I get to the hospital after a 25 min trip took an hour. I go to check-in and they say my appointment is not at the hospital but at his clinic and I’m confused. I thought the place was one in the same. They politiely give me the address and say it is not far from there and it was only about 7 minutes away but in traffic took me 15. I called ahead and told them I was running late and that I had only EVER met this specialist at the hospital and had no idea he had a clinical office at another location and they understood and said they would wait as long as I got there before his 9am client. So I sped like a bat out of HELL. I got there at 8:35 and by the time they called me back and started my vitals I heard the call in his 9 am. So I figured I was good. NOT. They kept doing small tasks and having nurses come in and talk to me and some associate from a the muscle dystrophy association talk to me then another doctor but that all happened in the first hour. I then waited 2.5 more hours before I saw MY doctor. I was pretty annoyed by this time. I mean if it weren;t for the fact there are only 2 other specialists like him in the country and they are few and far between and I waited 9 months for this appointment, I would have left.

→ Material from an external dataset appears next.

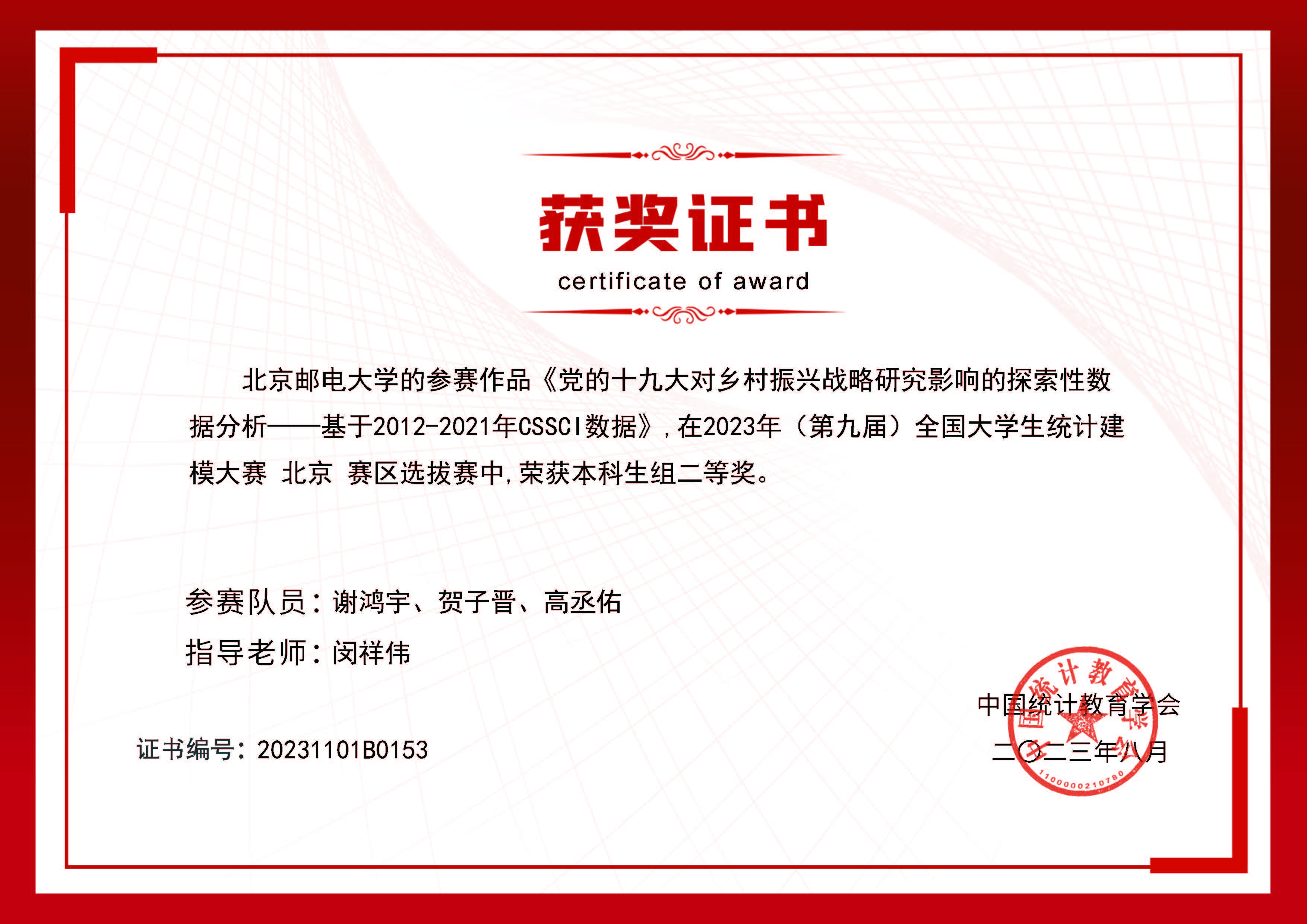 2023年(第九届)天下大学生统计建模大赛北京赛区

But I did not show any of this once he walked in, ONLY relief that he gave me his full time and effort, I am no fool. I need answers and his knowledge and I cannot afford to be ignorant something that is life changing for me.

The Results are in:

My arms have gotten considerably stronger in the last 2.5 years, but my forehead and eye areas weaker which from what I had already told him were consistent. Moreover, my hip flexors are strong but have gotten a bit weak but that was from a simple test from week to week not the single fiber test. I also have developed strider again (a respiratory issue). But what that means for me in terms of someone who wants to be more fit and has gained weight, wants to have a child, and wants to come off some if not all of my medications.

Right now he says the tests says my MG is too active. To have a child would mean potential death for me as well as if they took me off my medications right now. I am just not strong enough for any of that. I cannot go back to ‘normal’ yet. But he created 2 plans to help get me better so that I can have a child and be strong and come off the medications.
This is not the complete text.